### Recorded information
□ □ □ □ □ □ □
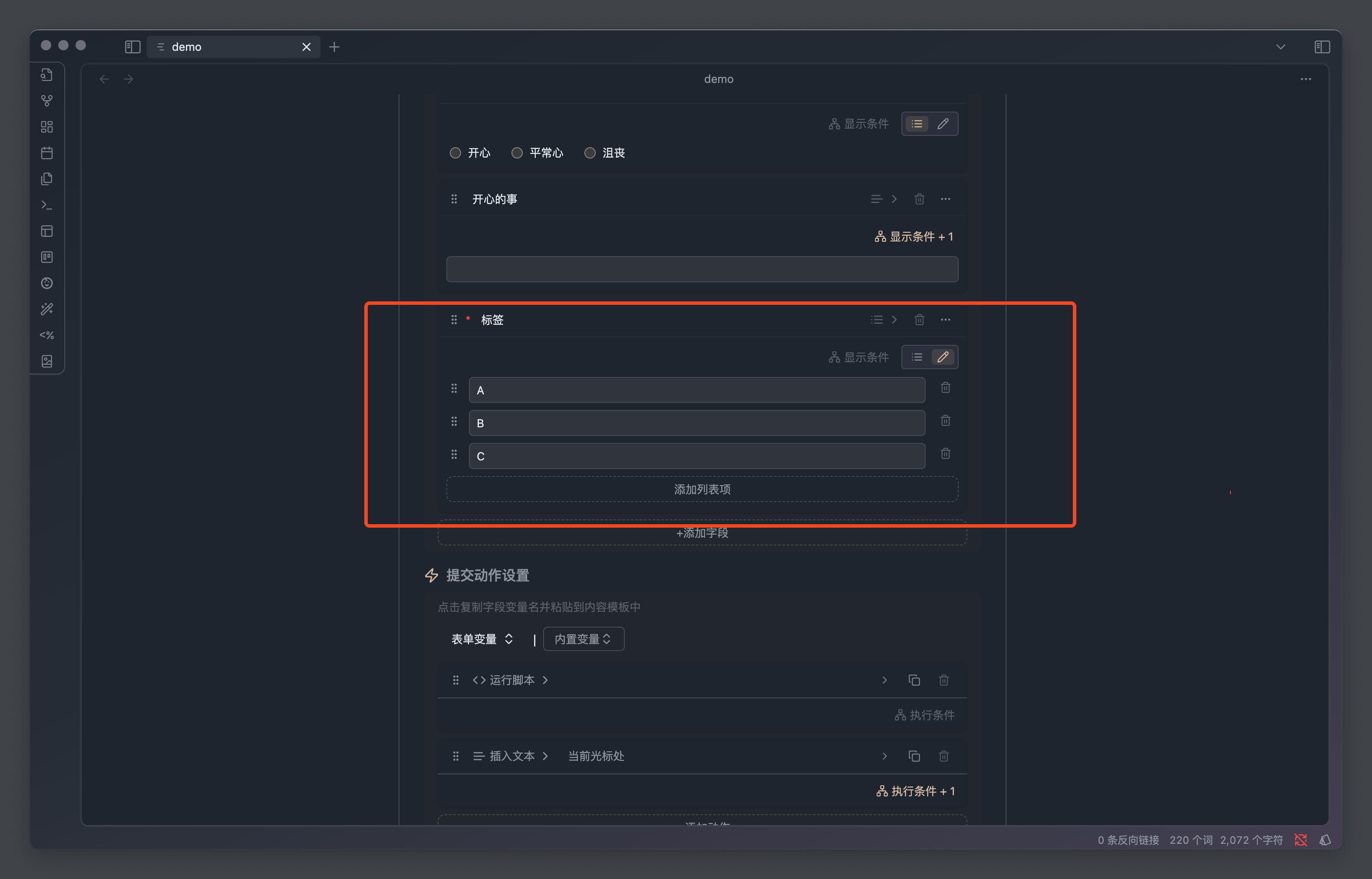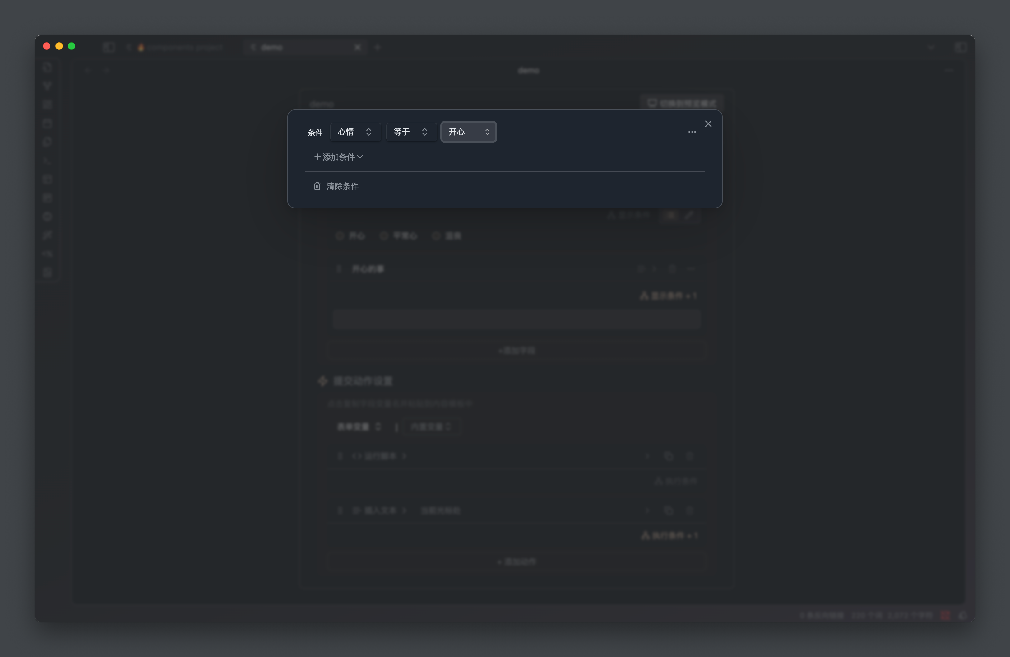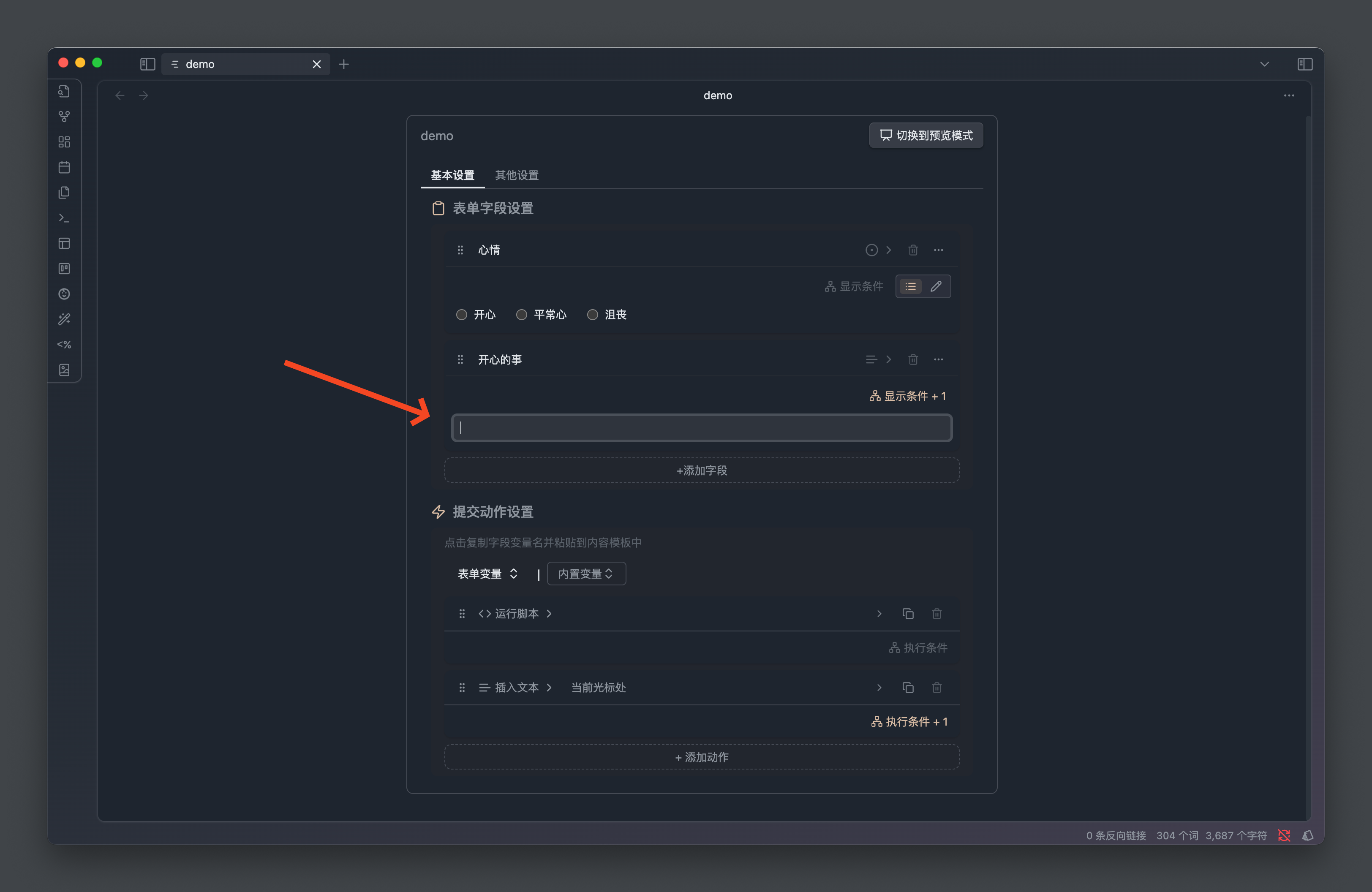 比如我们有一个心情录入表单,我们可以配置当 心情 等于 开心 的时候,展示 记录 文本字段用于记录当前发生了什么事情让我们感到开心。
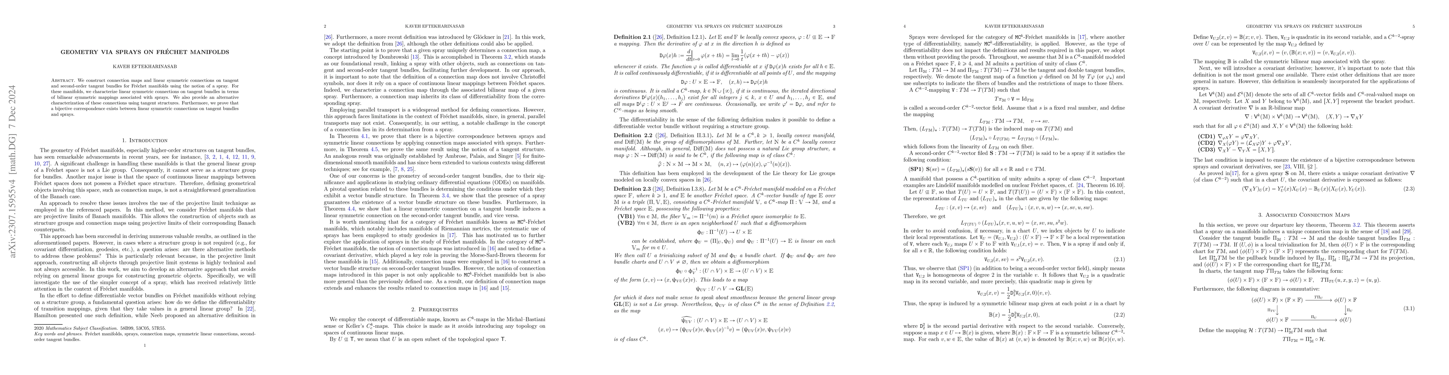 This paper constructs linear symmetric connections on tangent and second-order tangent bundles for Frechet manifolds using sprays, and establishes a bijective correspondence between these connections and connection maps induced by sprays. It also characterizes these connections through associated bilinear symmetric mappings and tangent structures.
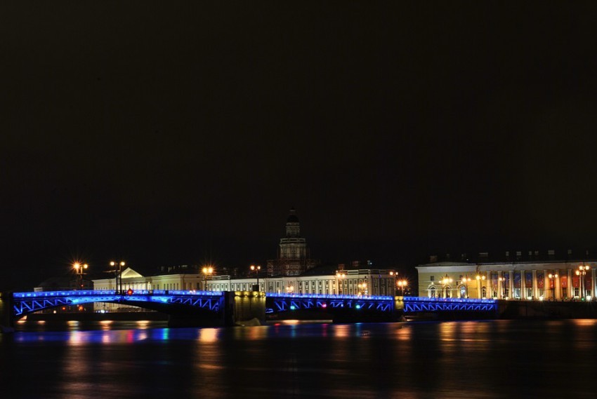 Загадочен и величественен ночной Петербург, окутанный таинственной дымкой. Полюбоваться белыми ночами, неоднократно даривших вдохновение многим известным художникам, поэтам и писателям — каждый год сюда приезжают многочисленные туристы со всего света. Но город становится не мене интересным и когда Невские берега окутывает тёмная ночь. Благодаря изумительной подсветке очень выразительно подчёркиваются строгие линии прекрасных парадных зданий, дворцов и мостов.
□ □ □ □ □ □ □
### Task objective
Quote the material in full and exactly; do not carry over its pictures.

### Your solution
 比如我们有一个心情录入表单,我们可以配置当 心情 等于 开心 的时候,展示 记录 文本字段用于记录当前发生了什么事情让我们感到开心。
 This paper constructs linear symmetric connections on tangent and second-order tangent bundles for Frechet manifolds using sprays, and establishes a bijective correspondence between these connections and connection maps induced by sprays. It also characterizes these connections through associated bilinear symmetric mappings and tangent structures.
 Загадочен и величественен ночной Петербург, окутанный таинственной дымкой. Полюбоваться белыми ночами, неоднократно даривших вдохновение многим известным художникам, поэтам и писателям — каждый год сюда приезжают многочисленные туристы со всего света. Но город становится не мене интересным и когда Невские берега окутывает тёмная ночь. Благодаря изумительной подсветке очень выразительно подчёркиваются строгие линии прекрасных парадных зданий, дворцов и мостов.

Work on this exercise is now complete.